5. Two-factor authentication
Two-factor authentication for your Apple ID is built into iOS 9 and OS X El Capitan to add an extra layer of security, ensuring that your data can only be accessed by you. With this security feature activated, whenever you enter your Apple ID on a new device, a six digit verification code will be sent to one of your other trusted devices. You use this code to complete your sign in instead of answering security questions. This way, even if somebody has your Apple ID and password, they won't be able to sign into your account. You won't need the security code again for that device unless you sign out. To further protect your photos, documents, credit card information and other data, consider activating two-factor authentication.
6. Internet privacy
Your online activity is a big source of data that could potentially be compromised if somebody gets into your iPhone's browser. Not only that, but websites can track your activity with cookies and even capture your logins as well, so it is a good idea to enable all of your browser's security settings and keep it clean. You can tweak Safari's privacy settings in Settings -> Safari. Block cookies, turn on "Do Not Track," and turn off "Frequently Visited Sites" and "Safari Suggestions" to limit the amount of information sent to Apple and other websites. You can also clear your history here, which is a good thing to do from time to time. Limit Safari's access to Location Services, Photos, Contacts and others under Settings -> Privacy. You should also consider using Safari's private browsing feature, which will automatically delete history, cookies and any other cached data at the end of your session.

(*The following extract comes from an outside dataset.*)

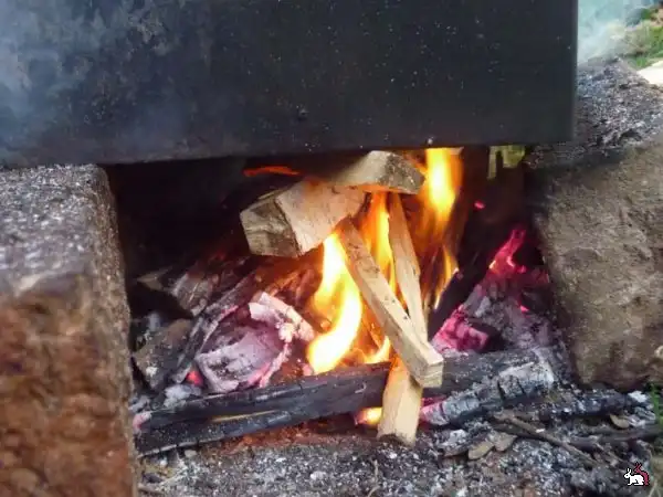 Огонь одно из самых главных, он должен быть равномерным и не слишком слабым-сильным. Посему заранее прожжем дровишки, чтобы была подложка из углей.

Internet browsing while on a public Wi-Fi network, such as at a coffee shop or hotel, can also be a risky venture, especially since you don't know how secure the network is. Data thieves can easily launch man-in-the-middle attacks to gain access to your private information. Consider using a virtual private network (VPN) to tunnel your information to a secure remote server. There are many free and paid VPN apps in the App Store such as TunnelBear, OpenVPN and Betternet among others.
7. Use a password manager
There are so many apps and websites that the average person logs into on a daily basis that it is nearly impossible to have a strong, unique password for each. Many resort to reusing passwords simply for convenience, which creates a major vulnerability. If your Netflix password is stolen along with your email address, a data thief can then try the combination on every other service you log into... bad news if you use the same password elsewhere. Use a password manager to ensure that you have strong, unique passwords for every login you have. For instance, LastPass, one of the more popular managers, keeps all of your passwords secure and uses them to log you in to your various sites and services. It can even use Touch ID to sign you in. You only need to remember one password - the LastPass login. It is a simple step that you should take to greatly improve your security.
After taking these steps to improve your privacy and security, make sure you keep up to date with new security trends, as this is a constantly escalating battle. What seems to be a foolproof security measure one month may be compromised and rendered obsolete the next, so you need to remain vigilant to keep your data protected.